# LLM & Chat Streaming

Stream LLM responses in real time with thinking/answer separation, session history, and multi-turn conversations.

## Overview

LLM (Large Language Model) requests on Wiro work differently from standard model runs:

- Responses are delivered via `debugoutput`, not the `outputs` file array
- Streaming `task_output` messages contain structured `thinking` and `answer` arrays — not plain strings
- Multi-turn conversations are supported via `session_id` and `user_id` parameters
- `pexit` is the primary success indicator (outputs will be empty)

Available LLM models include:
- [openai/gpt-5-2](https://wiro.ai/models/openai/gpt-5-2)
- [openai/gpt-oss-20b](https://wiro.ai/models/openai/gpt-oss-20b)
- [qwen/qwen3-5-27b](https://wiro.ai/models/qwen/qwen3-5-27b)

## Session & Chat History

Wiro maintains conversation history per session. By sending a `session_id` and `user_id` parameters:

| Parameter | Type | Required | Description |
|-----------|------|----------|-------------|
| `session_id` | string | No | UUID identifying the conversation session. Reuse for follow-up messages. |
| `user_id` | string | No | UUID identifying the user. |
| `prompt` | string | Yes | The user's message or question. |

```json
// First message — start a new session
{
  "prompt": "What is quantum computing?",
  "session_id": "550e8400-e29b-41d4-a716-446655440000",
  "user_id": "7c9e6679-7425-40de-944b-e07fc1f90ae7"
}

// Follow-up — reuse the same session_id
{
  "prompt": "Can you explain qubits in more detail?",
  "session_id": "550e8400-e29b-41d4-a716-446655440000",
  "user_id": "7c9e6679-7425-40de-944b-e07fc1f90ae7"
}
```

> **Tip:** Generate a UUID for `session_id` when starting a new conversation. Pass the same UUID for all follow-up messages to maintain context.

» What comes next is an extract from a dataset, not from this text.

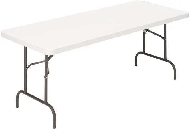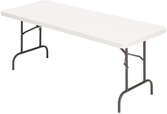Add a Realspace plastic top folding table to your home or office to create a sturdy temporary workstation or storage area. If you're done with your project, the Realspace molded plastic top folding table features legs that fold up, so you can store it until it's needed again. Steel frame. Dent-, scratch- and rust-resistant surface. Impact-resistant design folds up. Automatic gravity leg locks. Non-marring foot caps. 8' wide molded plastic top folding table is 29" tall. Stylish Realspace folding table in platinum. Tested to meet ANSI/BIFMA Performance Standards - Manufacturer testing has been conducted on this product to meet specific performance requirements and safety standards set forth by the American National Standards Institute (ANSI) and the Business and Institutional Furniture Manufacturers.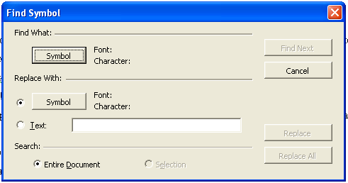Для желающих в архиве есть страничка с подробным объяснением (FindReplaceSymbols.zip), и набор полезных макросов (Macros9.zip). Возвращаясь к задаче замены буллитов на дефисы, её теперь можно решить макросом Find Symbol из этого набора:

## Thinking & Answer Phases

Many LLM models separate their output into two phases:

- **Thinking** — the model's internal reasoning process (chain-of-thought)
- **Answer** — the final response to the user

When streaming via WebSocket, `task_output` messages for LLM models contain a structured object:

```json
{
  "type": "task_output",
  "id": "534574",
  "tasktoken": "eDcCm5yy...",
  "message": {
    "thinking": ["Let me analyze this step by step...", "The key factors are..."],
    "answer": ["Quantum computing uses qubits that can exist in superposition..."]
  }
}
```

| Field | Type | Description |
|-------|------|-------------|
| `message.thinking` | `string[]` | Array of reasoning/chain-of-thought chunks. May be empty. |
| `message.answer` | `string[]` | Array of response chunks. This is the content to show the user. |
| `message.raw` | `string` | Optional raw output before thinking/answer separation. |

> **Note:** Standard (non-LLM) models send `message` as a plain string. LLM models send it as a `{ thinking, answer }` object. Check the type before parsing.

## Streaming Flow

1. **Run** the model with `prompt`, `session_id`, and `user_id`
2. **Connect** to WebSocket and send `task_info`
3. **Receive** `task_output` messages — each contains the growing `thinking` and `answer` arrays
4. **Display** the latest `answer` array content to the user (optionally show `thinking` in a collapsible section)
5. **Complete** — on `task_postprocess_end`, check `pexit` for success

Each `task_output` event contains the **full accumulated** thinking and answer arrays — not just the new chunk. Simply replace your displayed content with the latest arrays.

## Polling Alternative

If you don't need real-time streaming, poll `POST /Task/Detail` instead. The final response will be in `debugoutput` as merged plain text:

```json
{
  "result": true,
  "tasklist": [{
    "status": "task_postprocess_end",
    "pexit": "0",
    "debugoutput": "Quantum computing uses qubits that can exist in superposition...",
    "outputs": []
  }]
}
```

> **Note:** When polling, `debugoutput` contains the merged text. To access separate `thinking` and `answer` arrays, use WebSocket streaming instead.